However the characterizations in barley genotypes are largely focused on the distributions of diversity based on eco-geographical distribution (Yahiaoui et al., 2008; Hübner et al., 2009; Russell et al., 2016), this characterization is not emphasized directly on the current barley genotypes, behaving pattern for genotypes of different geographical location are not always different genetically (Evanno et al., 2005; Yahiaoui et al., 2008). No distinct regional grouping patterns of barley genotypes from same or adjacent regions appeared in same groups clusters by Yadav et al. (2018) and Mekonnon et al. (2015) based on agronomic characters.
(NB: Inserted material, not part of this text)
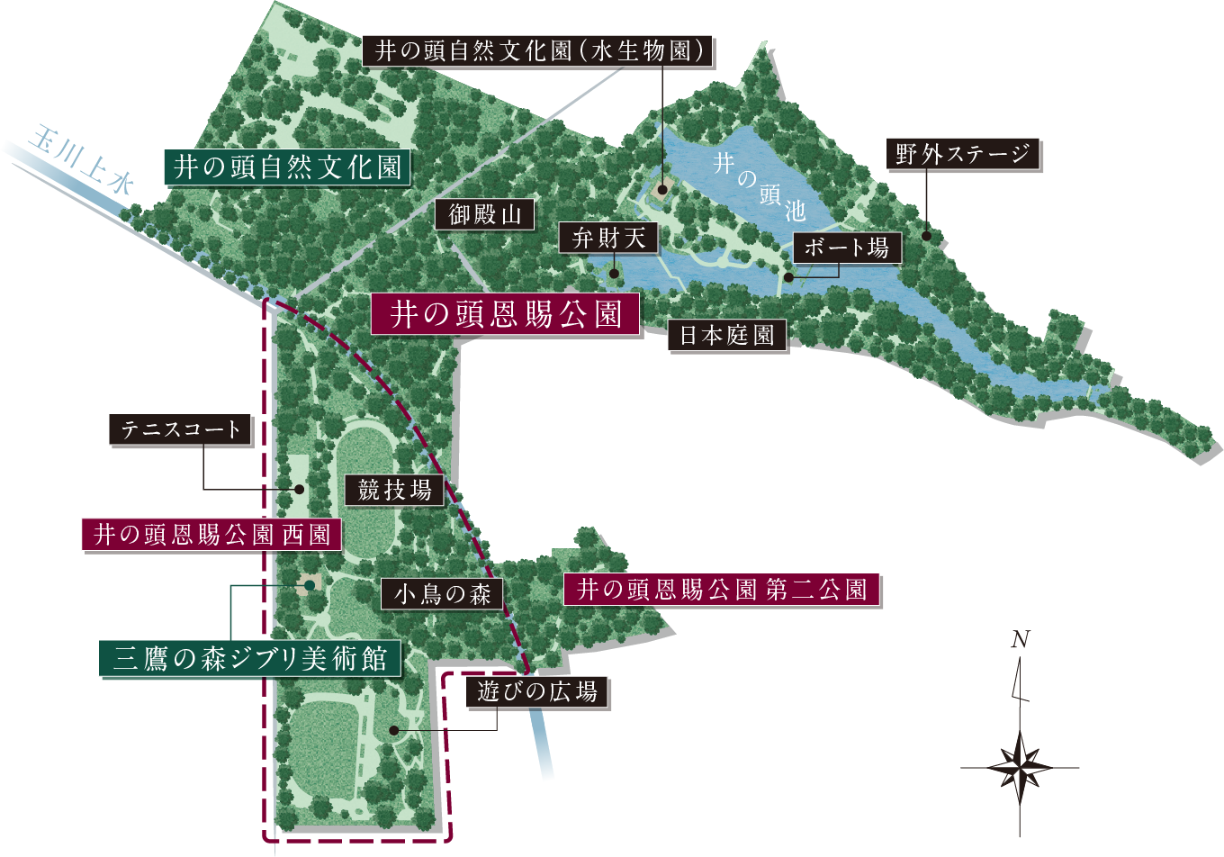 「三鷹の森ジブリ美術館」や「遊びの広場」も擁する西園、

While posing reasonable distance between this group and the others (having 2.398 value as a minimum distance to dendrogram centroid), will assure a reasonable contribution of these two genotypes as a potential gene source to improve the adaptation of barley for the future hybridization program in the region. The fourth cluster also had involved both MORA and GOB with less within-class distance (9.5). Other genotypes of Furat2, Canela, ATACO and ABN-B were individually distributed on clusters 3, 5, 6 and 7, respectively. The results here indicate the efficiency of SSR markers as powerful tools in detecting co-dominant single locus to examine the genetic relationship between barley genotypes. Bootstrap values were ranged from 0.53-0.67, however the values are not very high, they may support the relations identified between the studied genotypes. It has been indicated that over 30% of bootstrap value suggests good robustness of the dendrogram (Kahodariya et al., 2015). The genetic relationship of the barley genotypes was clearly identified by cluster analysis identifying the potential and ability of microsatellite markers for genome analysis in barley, however monitoring the extent of genetic diversity of the barley genotypes with higher precision can be achieved by using more DNA markers. Both PCA and Dendrogram analysis methods showed a high degree of variation among analyzed genotypes. The results would be valuable for the breeders in such a way that the most promising genotypes in the population maybe selected from different clusters for crop improvement. Estimating the genetic diversity at the DNA level within the current barley genotypes could provide a clear figure of the genetic diversity of this crop in Kurdistan-Iraq to exploit parent selection, the identification of sub-genomic regions for the targeted increase in variability, and identification of new distinct gene pools in barley to be involved in the future improvement programs of this crop.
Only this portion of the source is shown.